■ **REQUIRED ACTION**
Your task is to copy every line of the records below that contains "were".
────
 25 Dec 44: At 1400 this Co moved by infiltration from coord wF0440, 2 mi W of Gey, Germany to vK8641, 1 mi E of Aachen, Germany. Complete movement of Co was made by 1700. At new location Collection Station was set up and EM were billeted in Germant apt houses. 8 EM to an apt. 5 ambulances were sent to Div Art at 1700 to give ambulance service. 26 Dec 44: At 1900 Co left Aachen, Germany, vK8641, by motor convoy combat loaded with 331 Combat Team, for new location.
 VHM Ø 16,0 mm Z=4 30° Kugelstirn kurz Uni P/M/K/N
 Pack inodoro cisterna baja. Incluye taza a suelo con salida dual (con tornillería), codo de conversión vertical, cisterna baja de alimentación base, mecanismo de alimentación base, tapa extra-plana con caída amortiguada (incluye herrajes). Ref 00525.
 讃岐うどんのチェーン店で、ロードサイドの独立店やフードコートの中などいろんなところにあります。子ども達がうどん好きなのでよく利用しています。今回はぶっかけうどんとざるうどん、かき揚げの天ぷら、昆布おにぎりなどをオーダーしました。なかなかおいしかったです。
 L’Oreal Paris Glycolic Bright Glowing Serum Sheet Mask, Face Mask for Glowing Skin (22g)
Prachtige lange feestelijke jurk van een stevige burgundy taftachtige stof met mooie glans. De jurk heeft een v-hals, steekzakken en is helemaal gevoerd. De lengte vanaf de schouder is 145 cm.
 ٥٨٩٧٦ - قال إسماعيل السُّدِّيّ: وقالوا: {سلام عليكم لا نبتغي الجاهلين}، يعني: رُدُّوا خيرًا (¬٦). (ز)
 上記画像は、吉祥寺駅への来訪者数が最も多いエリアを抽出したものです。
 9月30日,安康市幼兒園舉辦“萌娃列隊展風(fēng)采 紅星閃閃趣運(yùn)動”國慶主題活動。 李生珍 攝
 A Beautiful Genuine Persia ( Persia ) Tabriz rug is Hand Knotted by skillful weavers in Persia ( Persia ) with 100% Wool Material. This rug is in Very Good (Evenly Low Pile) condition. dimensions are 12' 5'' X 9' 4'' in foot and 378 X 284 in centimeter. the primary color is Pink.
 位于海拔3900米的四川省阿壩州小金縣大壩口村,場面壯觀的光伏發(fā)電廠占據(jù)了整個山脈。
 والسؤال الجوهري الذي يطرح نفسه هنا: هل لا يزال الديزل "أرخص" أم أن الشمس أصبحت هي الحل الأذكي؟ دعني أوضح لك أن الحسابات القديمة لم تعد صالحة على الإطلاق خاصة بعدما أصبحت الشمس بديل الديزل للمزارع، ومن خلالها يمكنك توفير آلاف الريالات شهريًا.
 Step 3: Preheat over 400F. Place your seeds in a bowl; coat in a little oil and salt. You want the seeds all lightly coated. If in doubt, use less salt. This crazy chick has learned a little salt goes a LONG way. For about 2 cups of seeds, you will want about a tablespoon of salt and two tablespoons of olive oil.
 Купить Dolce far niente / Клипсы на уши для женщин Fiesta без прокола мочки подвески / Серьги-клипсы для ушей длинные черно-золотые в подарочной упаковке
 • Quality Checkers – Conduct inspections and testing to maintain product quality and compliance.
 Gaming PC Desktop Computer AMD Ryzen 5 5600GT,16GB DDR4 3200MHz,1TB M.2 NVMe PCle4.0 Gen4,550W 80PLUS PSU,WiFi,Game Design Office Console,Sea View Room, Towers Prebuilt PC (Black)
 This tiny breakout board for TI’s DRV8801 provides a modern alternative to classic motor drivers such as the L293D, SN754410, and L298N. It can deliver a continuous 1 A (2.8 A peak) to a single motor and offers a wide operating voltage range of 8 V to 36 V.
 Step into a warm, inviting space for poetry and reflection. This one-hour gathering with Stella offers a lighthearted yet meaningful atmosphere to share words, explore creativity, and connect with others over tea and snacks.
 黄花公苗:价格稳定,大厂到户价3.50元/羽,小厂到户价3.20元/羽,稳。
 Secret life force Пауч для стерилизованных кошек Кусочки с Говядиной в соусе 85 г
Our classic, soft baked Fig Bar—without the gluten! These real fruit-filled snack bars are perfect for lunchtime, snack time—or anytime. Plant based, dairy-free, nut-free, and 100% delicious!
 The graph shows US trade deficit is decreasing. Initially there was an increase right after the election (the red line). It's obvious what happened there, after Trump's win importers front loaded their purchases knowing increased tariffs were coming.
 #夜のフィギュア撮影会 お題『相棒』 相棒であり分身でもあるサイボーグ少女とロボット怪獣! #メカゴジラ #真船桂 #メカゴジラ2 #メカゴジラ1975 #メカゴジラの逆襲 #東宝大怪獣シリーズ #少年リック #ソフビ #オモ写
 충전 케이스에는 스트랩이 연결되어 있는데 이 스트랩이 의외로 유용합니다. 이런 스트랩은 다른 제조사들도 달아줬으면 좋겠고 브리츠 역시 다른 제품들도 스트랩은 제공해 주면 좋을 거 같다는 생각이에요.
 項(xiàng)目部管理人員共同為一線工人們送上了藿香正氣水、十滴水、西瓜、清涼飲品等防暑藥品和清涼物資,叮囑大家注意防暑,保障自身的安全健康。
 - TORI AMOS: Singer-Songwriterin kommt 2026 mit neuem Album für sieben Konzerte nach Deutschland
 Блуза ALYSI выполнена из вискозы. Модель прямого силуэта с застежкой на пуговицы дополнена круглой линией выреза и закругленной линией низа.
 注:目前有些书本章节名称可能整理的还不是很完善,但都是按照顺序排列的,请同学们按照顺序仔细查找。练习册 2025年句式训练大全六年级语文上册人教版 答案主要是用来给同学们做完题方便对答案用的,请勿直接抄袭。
────
■ **EXERCISE RESULT**
 25 Dec 44: At 1400 this Co moved by infiltration from coord wF0440, 2 mi W of Gey, Germany to vK8641, 1 mi E of Aachen, Germany. Complete movement of Co was made by 1700. At new location Collection Station was set up and EM were billeted in Germant apt houses. 8 EM to an apt. 5 ambulances were sent to Div Art at 1700 to give ambulance service. 26 Dec 44: At 1900 Co left Aachen, Germany, vK8641, by motor convoy combat loaded with 331 Combat Team, for new location.
 The graph shows US trade deficit is decreasing. Initially there was an increase right after the election (the red line). It's obvious what happened there, after Trump's win importers front loaded their purchases knowing increased tariffs were coming.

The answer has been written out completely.